Monday, May 1, 2006
Marshall v. Marshall (Anna Nicole Smith Case) Supreme Court Opinion Now Available
Here is the link to the United States Supreme Court opinion in Marshall v. Marshall.
Here are some excerpts from the case:
In Cohens v. Virginia, Chief Justice Marshall famously cautioned: "It is most true that this Court will not take jurisdiction if it should not: but it is equally true, that it must take jurisdiction, if it should . . . . We have no more right to decline the exercise of jurisdiction which is given,than to usurp that which is not given." 6 Wheat. 264, 404 (1821). Among longstanding limitations on federal jurisdiction otherwise properly exercised are the so-called "domestic relations" and "probate" exceptions. Neither is compelled by the text of the Constitution or federal statute. Both are judicially created doctrines stemming in large measure from misty understandings of English legal history. * * * In the years following Marshall’s 1821 pronouncement, courts have sometimes lost sight of his admonition and have rendered decisions expansively interpreting the two exceptions. In Ankenbrandt v. Richards, 504 U. S. 689 (1992), this Court reined in the "domestic relations exception." Earlier, in Markham v. Allen, 326 U. S. 490 (1946), the Court endeavored similarly to curtail the "probate exception."

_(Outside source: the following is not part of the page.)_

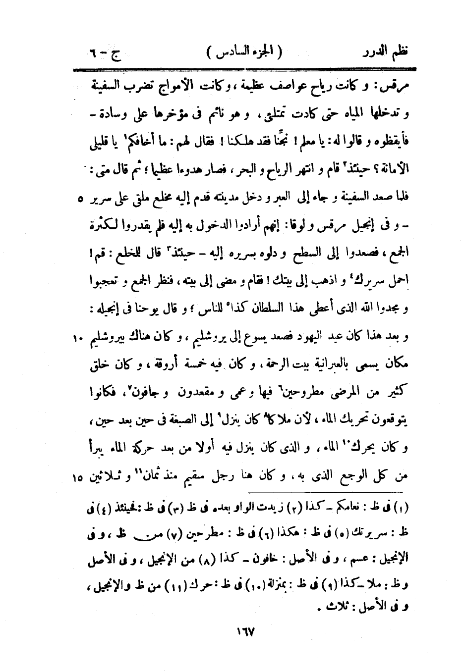 مرقس: وكانت رياح عواصف عظيمة، وكانت الأمواج تضرب السفينة وتدخلها المياه حتى كادت تمتلىء، وهو نائم في مؤخرها على وسادة - فأيقظوه وقالوا له: يا معلم! نجِّنا فقد هلكنا! فقال لهم: ما أخافكم يا قليلي الأمانة؟ حينئذ قام وانتهر الرياح والبحر، فصار هدوءاً عظيماً، ثم قال متى: فلما صعد السفينة وجاء إلى العبر ودخل مدينته قدم إليه مخلع ملقى على سرير - وفي إنجيل مرقس ولوقا: إنهم أرادوا الدخول به إليه فلم يقدروا لكثرة الجمع، فصعدوا إلى السطح ودلوه بسريره إليه - حينئذ قال للمخلع: قم! امل سريرك واذهب إلى بيتك! فقام ومضى إلى بيته، فنظر الجمع وتعجبوا ومجدوا الله الذي أعطى هذا السلطان كذا للناس؛ وقال يوحنا في إنجيله: وبعد هذا كان عيد اليهود فصعد يسوع إلى يروشليم، وكان هناك بيروشليم مكان يسمى بالعبرانية بيت الرحمة، وكان فيه خمسة أروقة، وكان خلق كثير من المرضى مطروحين فيها وعمي ومقعدون وجافون، فكانوا يتوقعون تحريك الماء، لأن ملاكاً كان ينزل إلى الصبغة في حين بعد حين، وكان يحرك الماء، والذي كان ينزل فيه أولاً من بعد حركة الماء يبرأ من كل الوجع الذي به، وكان هنا رجل سقيم منذ ثمان وثلاثين

Nevertheless, the Ninth Circuit in the instant case read the probate exception broadly to exclude from the federal courts’ adjudicatory authority "not only direct challenges to a will or trust, but also questions which would ordinarily be decided by a probate court in determining the validity of the decedent’s estate planning instrument." * * * The Court of Appeals further held that a State’s vesting of exclusive jurisdiction over probate matters in a special court strips federal courts of jurisdiction to entertain any "probate related matter,"including claims respecting "tax liability, debt, gift, [or] tort." Id., at 1136. We hold that the Ninth Circuit had no warrant from Congress, or from decisions of this Court, for its sweeping extension of the probate exception.